**Task item**: Would you output the lines from the one containing "- Часник, перець" through the final line of the entries, exactly and with pictures omitted?

**Data to examine**:
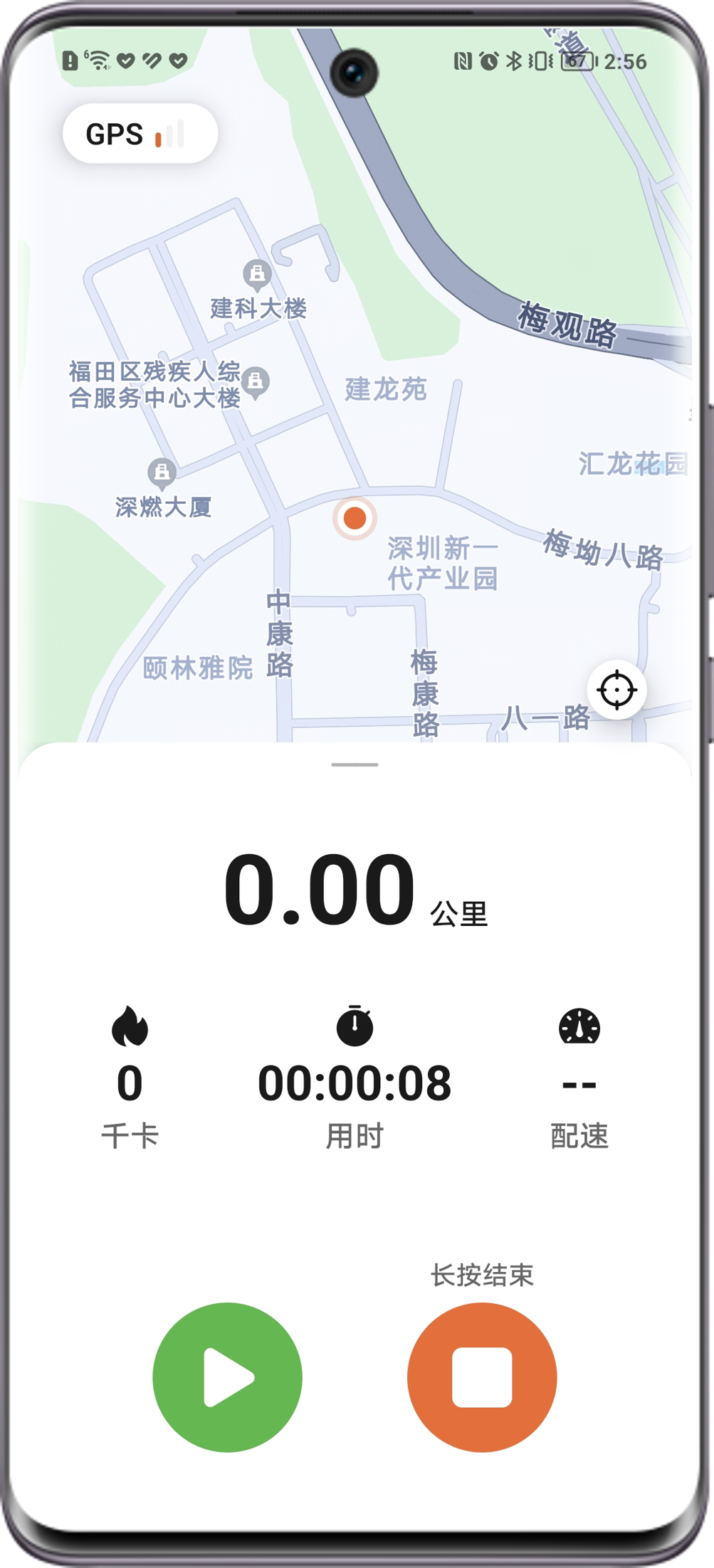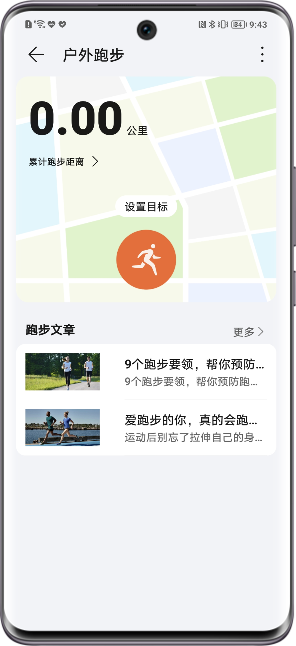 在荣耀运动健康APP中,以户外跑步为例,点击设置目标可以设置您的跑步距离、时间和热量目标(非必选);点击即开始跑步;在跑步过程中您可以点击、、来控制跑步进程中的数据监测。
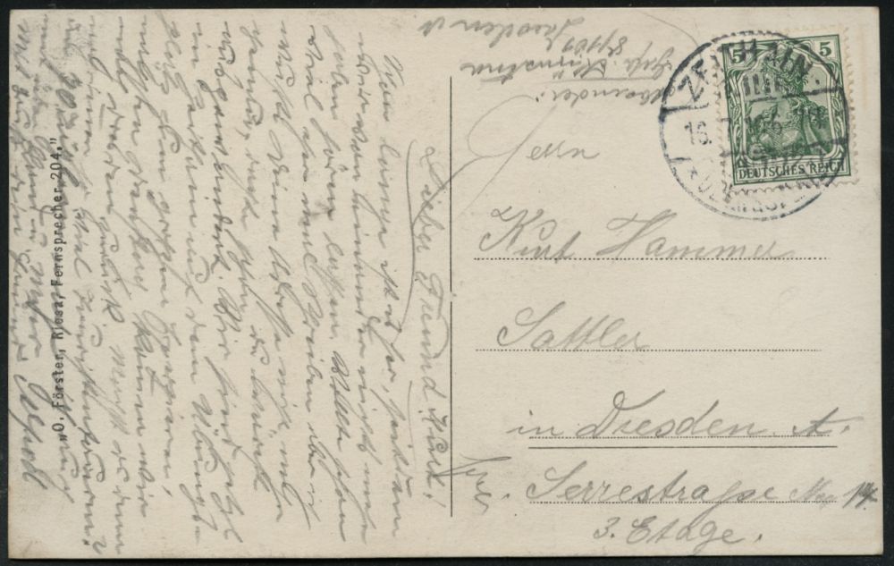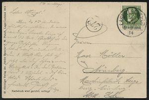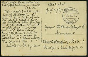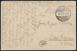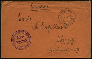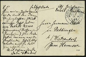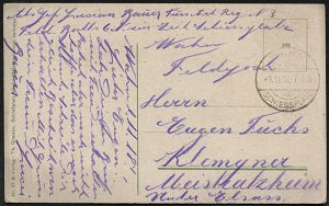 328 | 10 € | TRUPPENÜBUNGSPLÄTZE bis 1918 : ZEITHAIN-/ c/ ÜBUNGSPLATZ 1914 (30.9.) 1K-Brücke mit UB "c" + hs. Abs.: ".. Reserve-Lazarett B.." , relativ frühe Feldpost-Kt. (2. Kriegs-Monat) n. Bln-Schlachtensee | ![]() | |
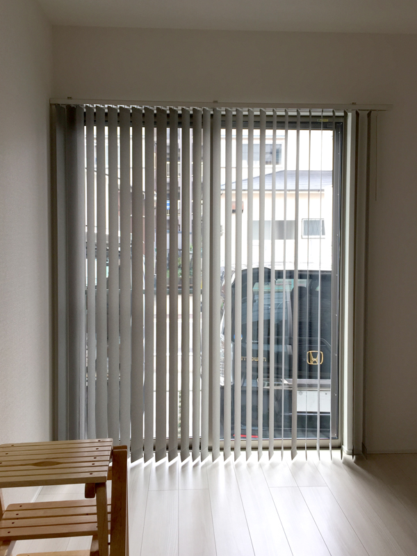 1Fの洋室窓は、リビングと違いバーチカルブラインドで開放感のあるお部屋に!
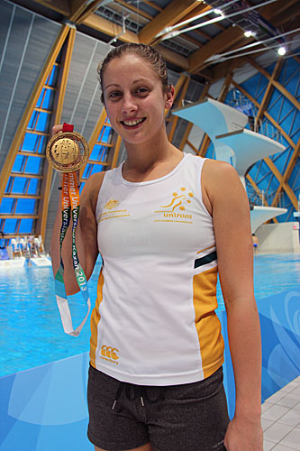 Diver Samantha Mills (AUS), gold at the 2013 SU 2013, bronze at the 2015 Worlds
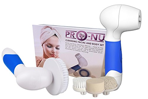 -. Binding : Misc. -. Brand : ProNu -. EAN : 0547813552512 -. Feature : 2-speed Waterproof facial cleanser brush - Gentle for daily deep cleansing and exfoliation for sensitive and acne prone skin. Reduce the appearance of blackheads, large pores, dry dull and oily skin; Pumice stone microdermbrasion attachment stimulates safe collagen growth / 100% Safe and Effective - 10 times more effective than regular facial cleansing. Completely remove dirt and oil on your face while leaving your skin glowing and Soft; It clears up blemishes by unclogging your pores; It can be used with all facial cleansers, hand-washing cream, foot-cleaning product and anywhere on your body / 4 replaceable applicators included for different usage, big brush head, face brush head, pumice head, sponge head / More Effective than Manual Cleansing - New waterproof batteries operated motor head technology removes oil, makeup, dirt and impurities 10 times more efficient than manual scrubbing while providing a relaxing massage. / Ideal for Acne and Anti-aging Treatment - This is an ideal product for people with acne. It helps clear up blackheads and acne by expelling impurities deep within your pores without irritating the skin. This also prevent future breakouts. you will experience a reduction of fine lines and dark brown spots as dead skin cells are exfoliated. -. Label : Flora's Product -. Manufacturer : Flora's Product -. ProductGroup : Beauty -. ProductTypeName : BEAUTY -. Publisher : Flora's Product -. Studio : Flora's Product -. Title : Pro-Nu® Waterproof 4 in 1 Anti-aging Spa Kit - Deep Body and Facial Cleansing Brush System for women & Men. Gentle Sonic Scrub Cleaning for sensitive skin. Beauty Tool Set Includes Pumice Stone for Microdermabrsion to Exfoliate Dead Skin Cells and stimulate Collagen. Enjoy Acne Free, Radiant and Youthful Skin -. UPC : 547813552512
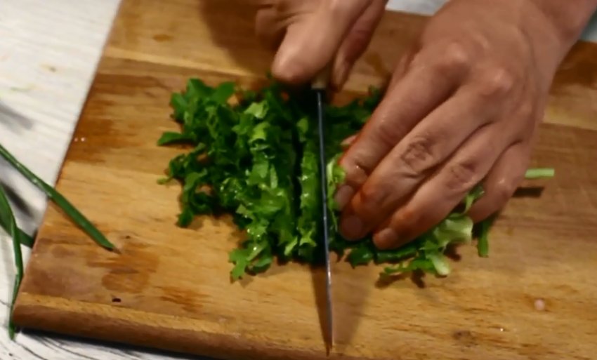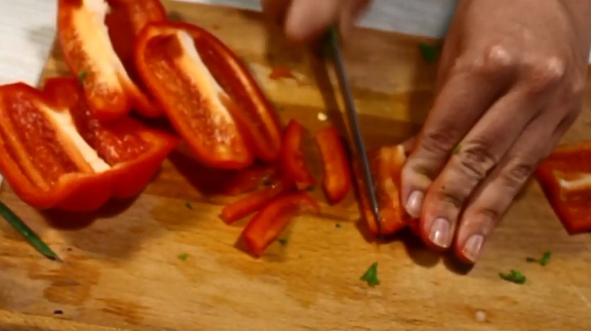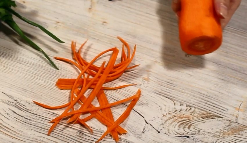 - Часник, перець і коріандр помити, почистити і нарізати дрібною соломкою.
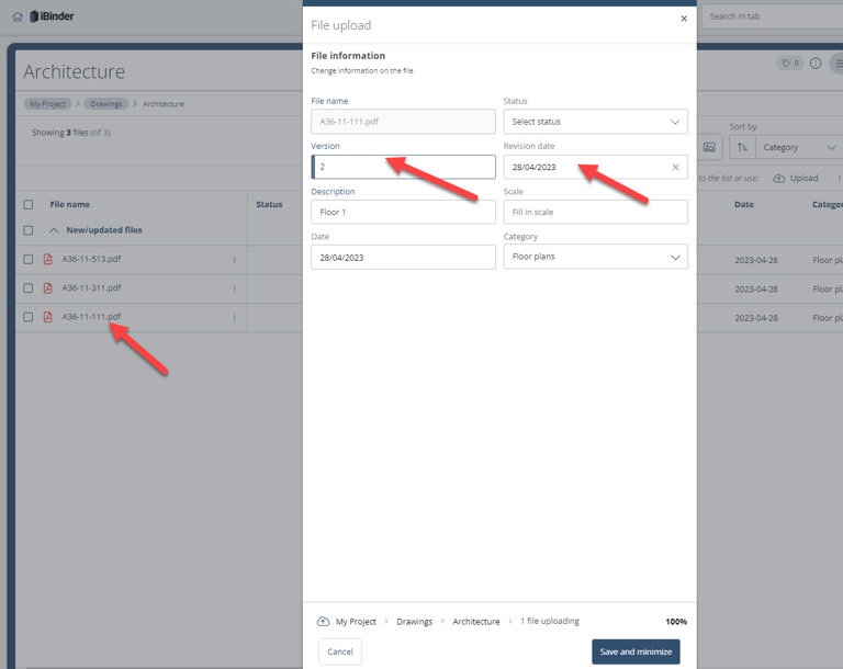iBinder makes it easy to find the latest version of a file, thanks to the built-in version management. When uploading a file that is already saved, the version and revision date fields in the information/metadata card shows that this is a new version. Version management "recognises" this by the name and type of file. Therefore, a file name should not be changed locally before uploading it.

**Finished exercise**:
 - Часник, перець і коріандр помити, почистити і нарізати дрібною соломкою.
iBinder makes it easy to find the latest version of a file, thanks to the built-in version management. When uploading a file that is already saved, the version and revision date fields in the information/metadata card shows that this is a new version. Version management "recognises" this by the name and type of file. Therefore, a file name should not be changed locally before uploading it.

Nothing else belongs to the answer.